To clarify the relationship between the immune microenvironment and the risk score, XCELL, TIMER, QUANTISEQ, MCPcounter, EPIC, CIBERSORT, and CIBERSORT-ABS were used to obtain differences in the distribution of immune cells in patients with LUAD from TCGA database. The expression of genes related to immune checkpoint inhibitors were compared between the low-risk group and the high-risk group. We showed the results and the p-value was labeled as follows: p < 0.001 = ***, p < 0.01 = ***, and p < 0.05 = *. The Tumor Immune Dysfunction and Exclusion (TIDE) database (http://tide.dfci.harvard.edu) was used to obtain scores of immunotherapy evaluation-related indicators of LUAD samples (Hoshida et al., 2007; Jiang et al., 2018). Meanwhile, a differential comparative analysis was performed using the number of responder and non-responder patients evaluated after immunotherapy obtained from the website. Subsequently, we added the pRRophetic package to evaluate the differences in clinical responses between LUAD patients grouped by the gene prognostic model by calculating the IC50, or half maximal inhibitory concentration, of commonly used drugs in R.

Statistical Analysis

All statistical analyses were performed using R 4.1.2 (https://www.r-project.org/). Univariate Cox regression analysis was used to screen for genes associated with prognosis with p < 0.0001. Multivariate Cox proportional hazards regression and LASSO regression analysis were used to construct prognostic model.
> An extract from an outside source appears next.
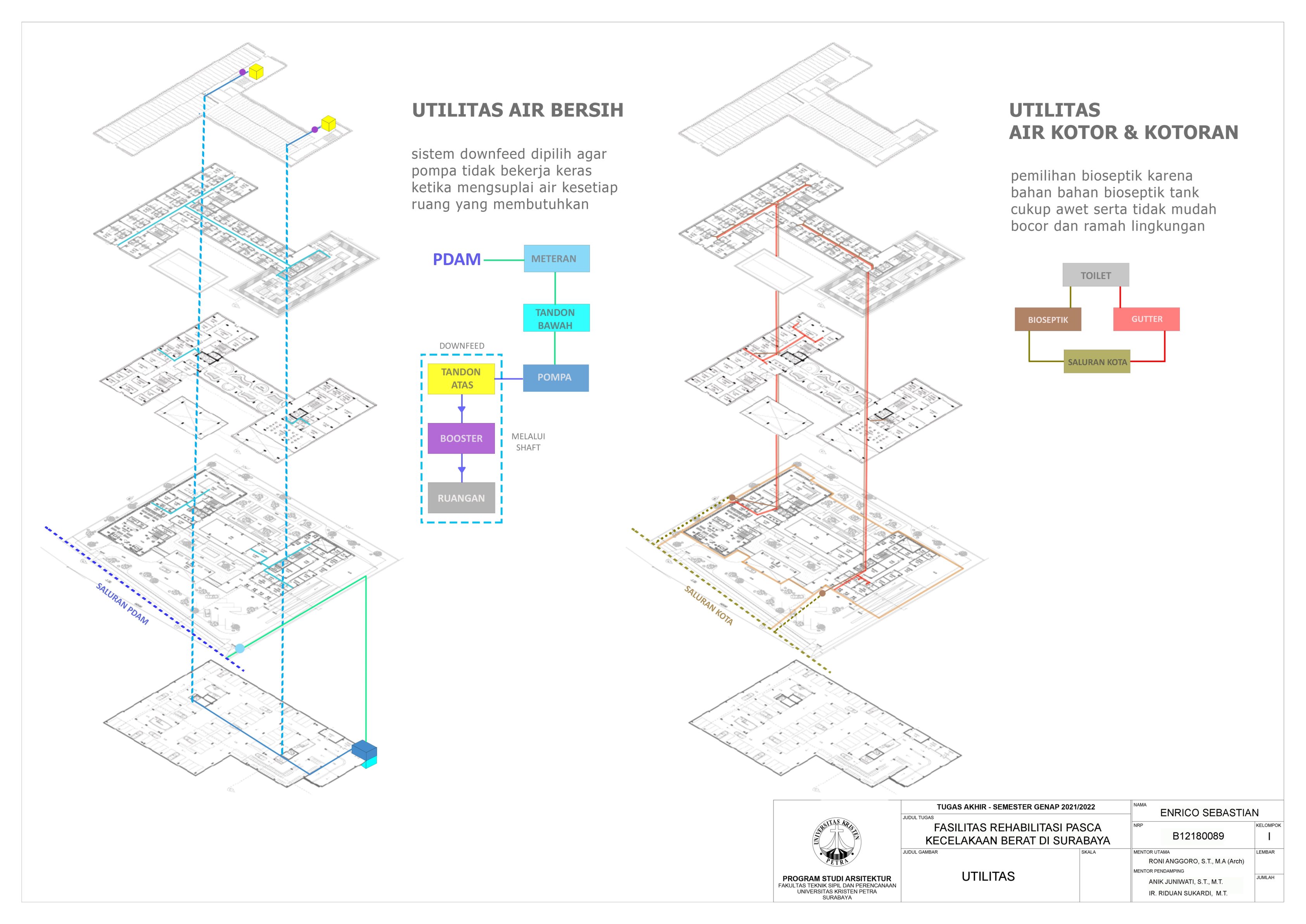 Library's collection Library's IT development CancelFasilitas Rehabilitasi pasca kecelakaan berat ini merupakan tempat pemulihan yang berfungsi untuk dapat membantu keberlangsungan hidup pasien dengan baik dalam menjalani kegiatan sehari-hari dengan status adanya keterbatasan fisik dan gangguan mental. Fasilitas ini memberikan pelatihan fisik dan terapi khusus sebagai program pemulihan setelah selesai menjalani pengobatan di rumah sakit. Fasilitas kesehatan khusus ini menjadi peluang bagus untuk diadakan dan diusulkan secara khusus di Surabaya. Lokasi tapak yang terpilih berada di Jl. Raya Darmo Permai Selatan XIV. Fasilitas ini memperhatikan perilaku dari penggunanya baik secara fisik, mental atau psikis dan dipilih metode pendekatan perilaku serta menggunakan motede pendalaman arsitektural material dan sistem untuk membuat pengguna nyaman dan dimudahkan. Memasukan lingkungan alam dengan mengaplikasikan taman terapeutik untuk memberikan identitas pada bangunan.

The KM survival curve analysis and a log-rank test were used to compare differences in overall survival time between the high-risk group and low-risk group. The relationship between risk score and clinicopathological features was analyzed using The Chi-Square test and Wilcoxon Signed-Rank Test with p < 0.05. Spearman’s correlation analysis was performed to obtain the correlation between the distribution of immune cell and risk score. Differences between immune cells in risk groupings were analyzed using the Wilcoxon signed rank test with p < 0.0001. The Wilcoxon test was used to calculate the TIDE score and the T cell exhaustion potential of the tumor score between the high- and low-risk groups. Chi-square test was used to obtain p-values to compare the differences in the number of immune responses in different groups.

Results

Data Processed by GSEA

Using ‘glycolysis’ as the search keyword, the BioCarta, Hallmark, KEGG, REACTOME and WP gene sets were selected from the Molecular Signatures Database (MSigDB) to obtain a glycolysis-related gene signature. After using the above detailed data to perform GSEA, significant differences were detected between the tumor tissue sample group and the normal tissue sample group among the gene sets (Figures 1A–D), with normalized p values <0.05.

FIGURE 1

FIGURE 1. GSEA revealed that four gene sets were significantly enriched: (A) BioCarta glycolysis (B) glycolysis (C) REACTOME glycolysis, and (D) WP glycolysis and gluconeogenesis.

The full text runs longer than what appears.